L'ultimo viaggio di Ulisse - Giovanni Pascoli
VII
la zattera
E gli dicea la veneranda moglie:
Divo Odisseo, mi sembra oggi quel giorno
che ti rividi. Io ti sedea di contro,
qui, nel mio seggio. Stanco eri di mare,
eri, divo Odisseo, sazio di sangue!
Come ora. Muto io ti vedeva al lume
del focolare, fissi gli occhi in giù.
Fissi in giù gli occhi, presso la colonna,
egli taceva: ché ascoltava il cuore
suo che squittiva come cane in sogno.
E qualche foglia d’ellera sul ciocco
secco crocchiava, e d’uno stizzo il vento
uscia fischiando; ma l’Eroe crocchiare
udiva un po’ la zattera compatta,
opera sua nell’isola deserta.
Su la decimottava alba la zattera
egli sentì brusca salire al vento
stridulo; e l’uomo su la barca solo
era, e sola la barca era sul mare:
soli con qualche errante procellaria.
E di là donde tralucea già l’alba,
ora appariva una catena fosca
d’aeree nubi, e torbide a prua l’onde
picchiavano; ecco e si sventò la vela.
E l’uomo allora udì di contro un canto
di torte conche, e divinò che dietro
quelle il nemico, il truce dio del mare,
venìa tornando ai suoi cerulei campi.
Lui vide, e rise il dio con uno schianto
secco di tuono che rimbombò tetro;
e venne.
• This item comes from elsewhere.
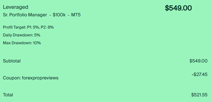 - Apply Discount Code – Apply our discount code FOREXPROPREVIEWS and enjoy a 5% discount on all funding program types.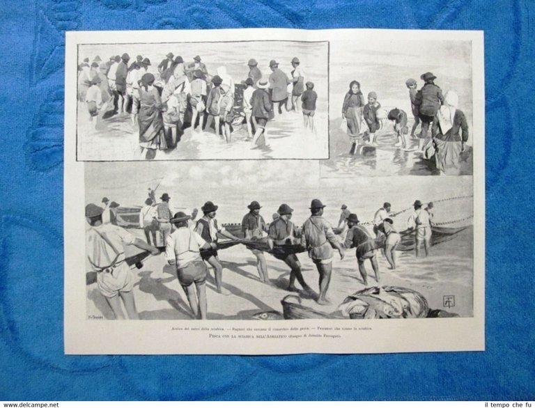 Illustrazione Italiana 1898 - Pesca con la sciabica nell'Adriatico

Udiva egli lo sciabordare
delle ruote e il nitrir degli ippocampi.
E volavano al cielo alto le schiume
dalle lor bocche masticanti il morso;
e l’uragano fumido di sghembo
sferzava lor le groppe di serpente.
Soli nel mare erano l’uomo e il nume
e il nume ergeva su l’ondate il torso
largo, e scoteva il gran capo; e tra il nembo
folgoreggiava il lucido tridente.
E il Laertiade al cuore suo parlava,
ch’altri non v’era; e sotto avea la barra.